Three high school sophomores, Ben, Carter, and Augie, are trying to recruit new members for their Scout group, led by their Scout Leader Rogers. While Augie has always been happy about being a Scout, Ben and Carter have second thoughts. Carter tries convincing Ben to quit, but he can't as Augie is about to get his Condor Patch. Their conversation about quitting is cut short when Ben accidentally hits a deer. They manage to get help from Carter's sister, Kendall, and her friends. Ben, who's had a crush on Kendall, gets some advice from her. They all see that the supposedly-dead deer has vanished. Before they leave, the two are invited to the "Secret Seniors Party" and Carter is given the address. When they get alcohol for the party, they meet Denise, a cocktail waitress that works at a strip club. She and Ben hit it off, and she agrees to buy the alcohol for them. The two then meet up with Augie in the woods so they can set up their campsite. That night, still concerned about the disappearance of Scout Leader Rogers, the trio talk about how great their friendship has been before heading to sleep. Before the night is out, Carter wakes Ben so they can attend the party. Augie catches up, however, and is disappointed by their choice. The two drive into town to find that the bouncer for the strip club is no longer there, and they sneak in. The two are immediately attacked by a zombie bouncer and stripper before being saved by a shotgun-wielding Denise. Augie goes to Scout Leader Rogers' house to find him, only to be attacked by Scout Leader Rogers as a zombie. Augie manages to deter him, and flee the scene.

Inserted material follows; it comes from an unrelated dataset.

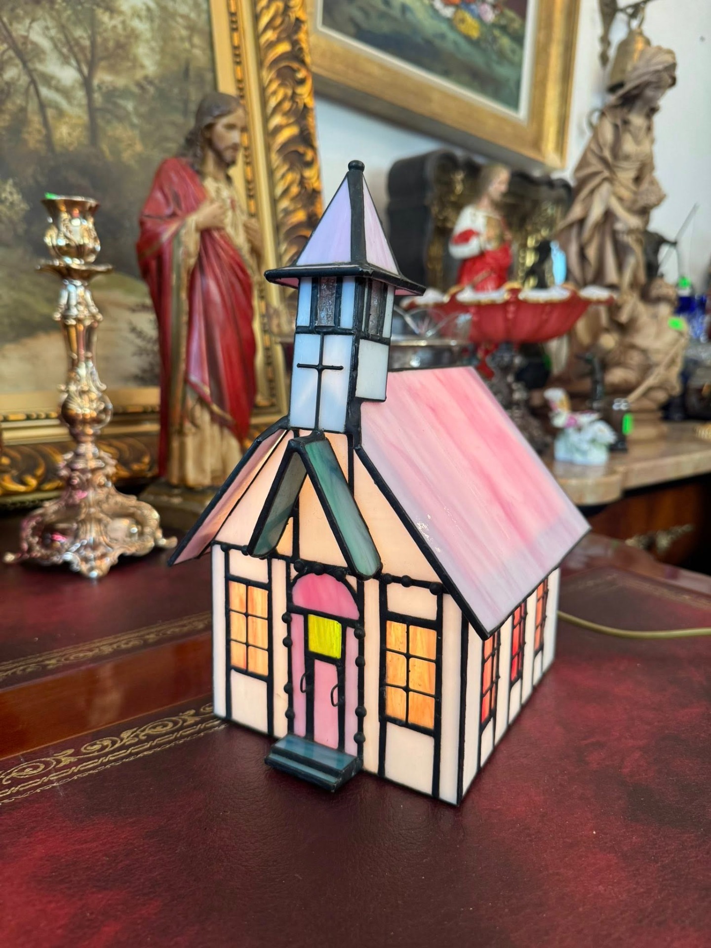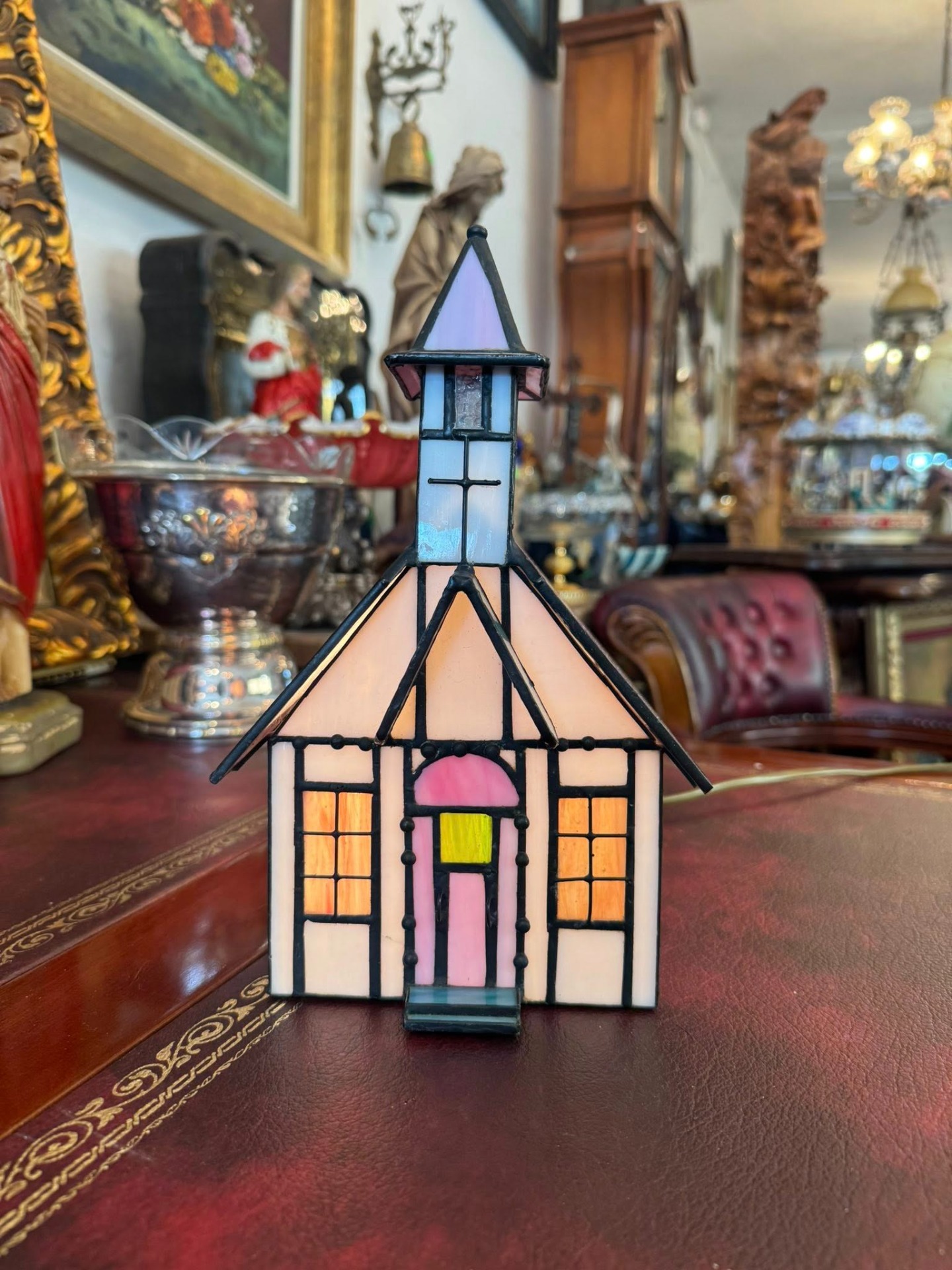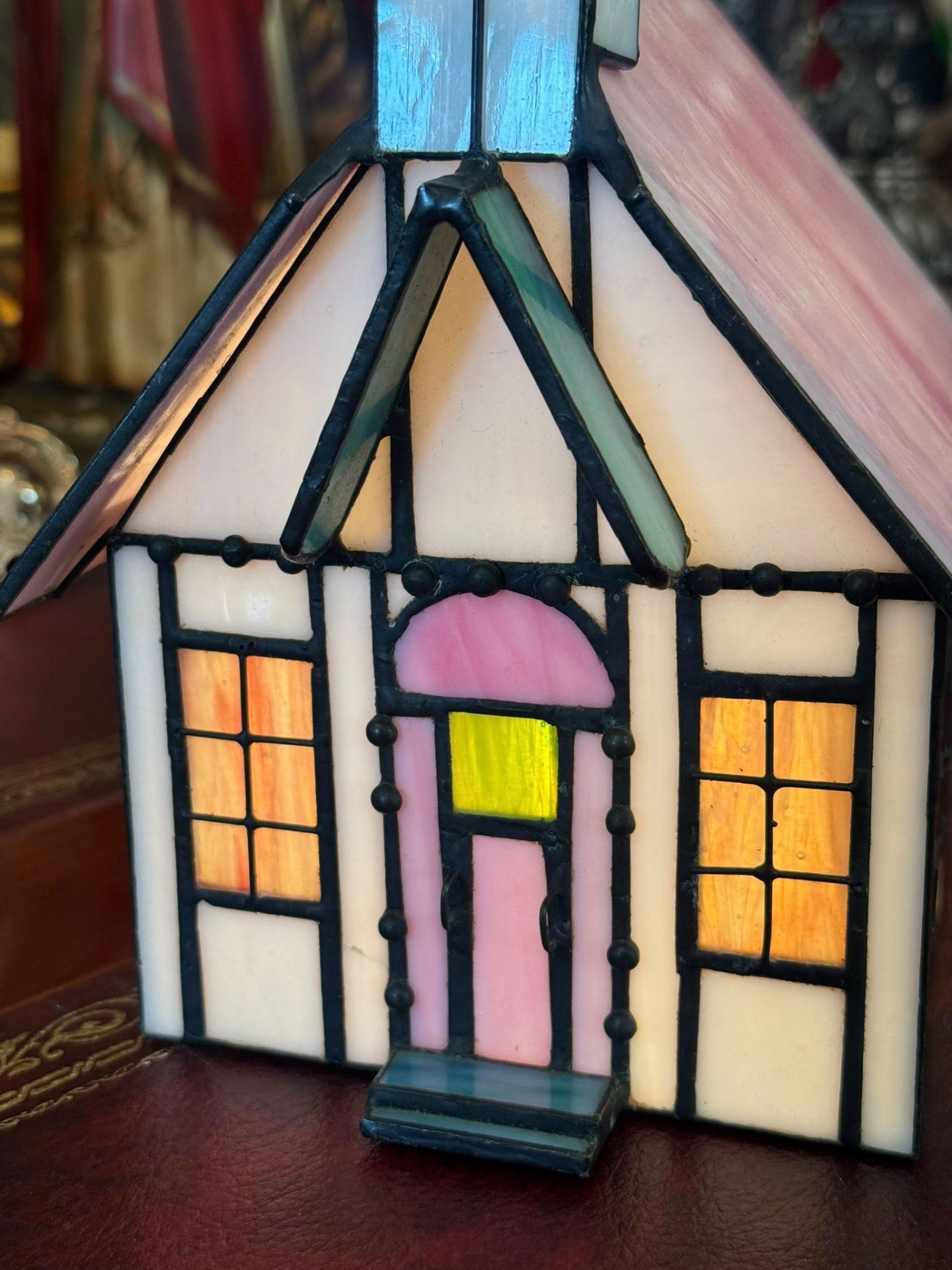 Lampă decorativă în formă de biserică, în stil Tiffany. (cca 1950)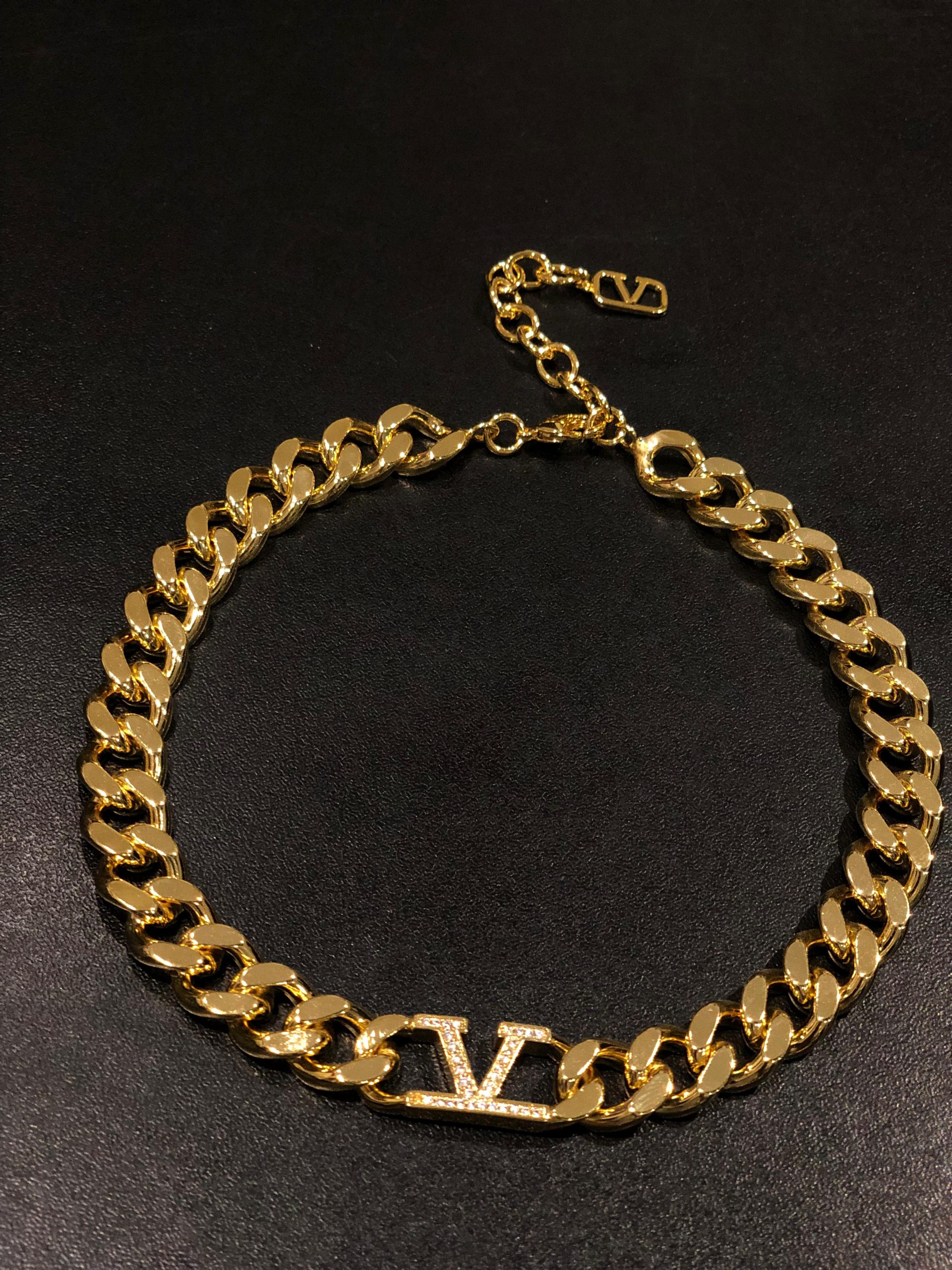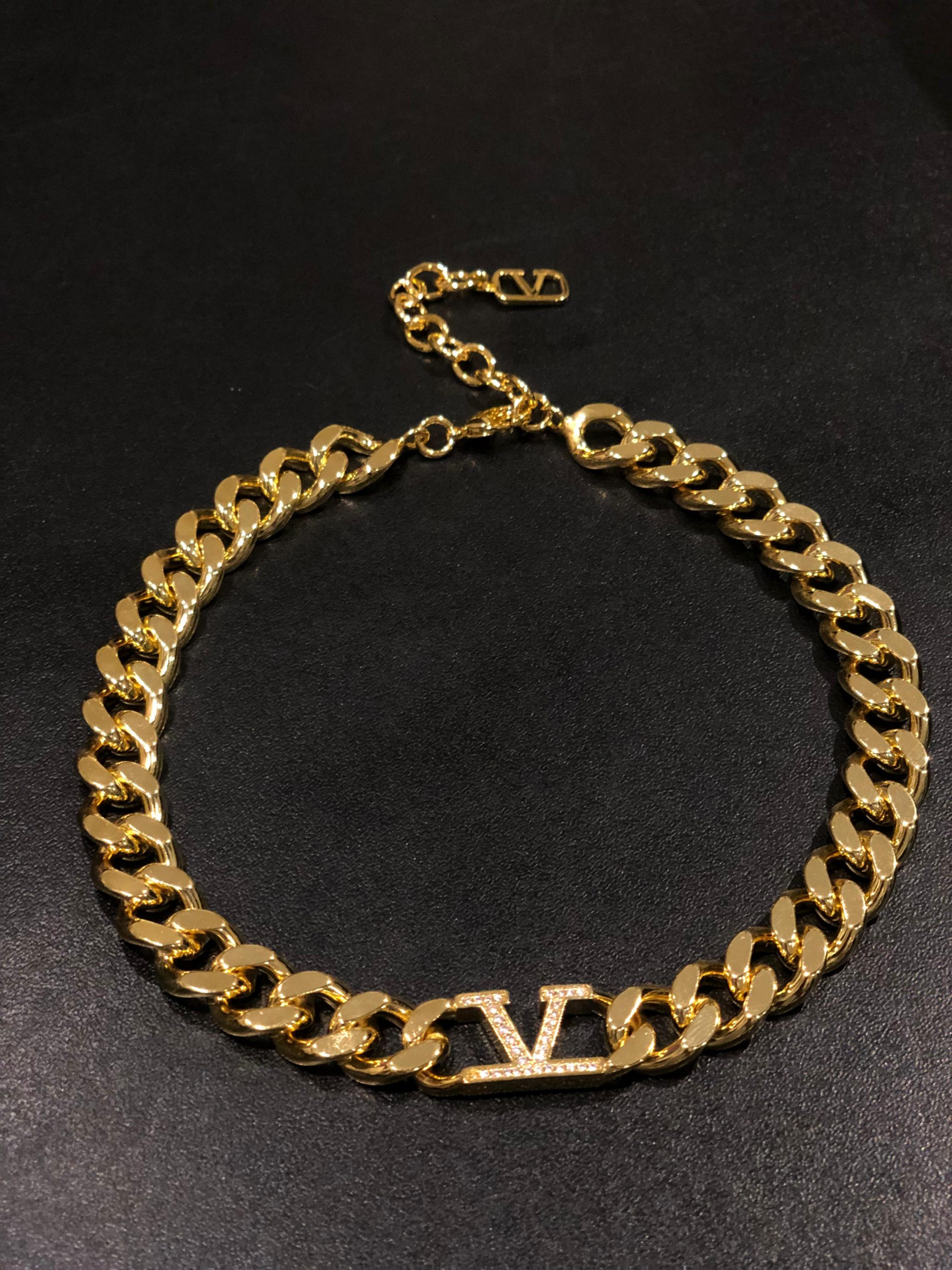 This stunning necklace features Valentino’s iconic VLogo, beautifully accented with Swarovski® crystals. Crafted in polished metal, it adds a touch of sparkle and luxury to any outfit.

Ben, Carter, and Denise go to the police station to discover that the town has been evacuated, before a zombie horde chases them into a locked holding cell. They wait for hours when the zombies hear music from outside and leave. Augie, seeing Ben's car, runs in and unlocks the cell, freeing them. They all escape and make their way down the freeway. After walking for a bit, the four are picked up by Corporal Reeves. They drive to the party to see if anyone is evacuated, only to find that the address that was sent to Carter was fake. The group starts to argue, but Reeves was bitten before meeting them and has now turned into a zombie. Denise kills him and they try to get a signal on his radio. They hear information about bombing the town and start panicking. Carter then remembers his sister's diary has the party information in it. The four take the vehicle and drive to Carter's house. Once there, they manage to get the diary. But, more zombies arrive, and proceed to chase after the trio. They manage to escape using a trampoline to get to the now zombified neighbor, Ms. Fielder's house. From there, they take her car and head off down the road. The four find a dirt bike down the road and Denise takes it so she can get the military. Now left by themselves, Ben, Carter, and Augie weapon up at a hardware store and head to the party.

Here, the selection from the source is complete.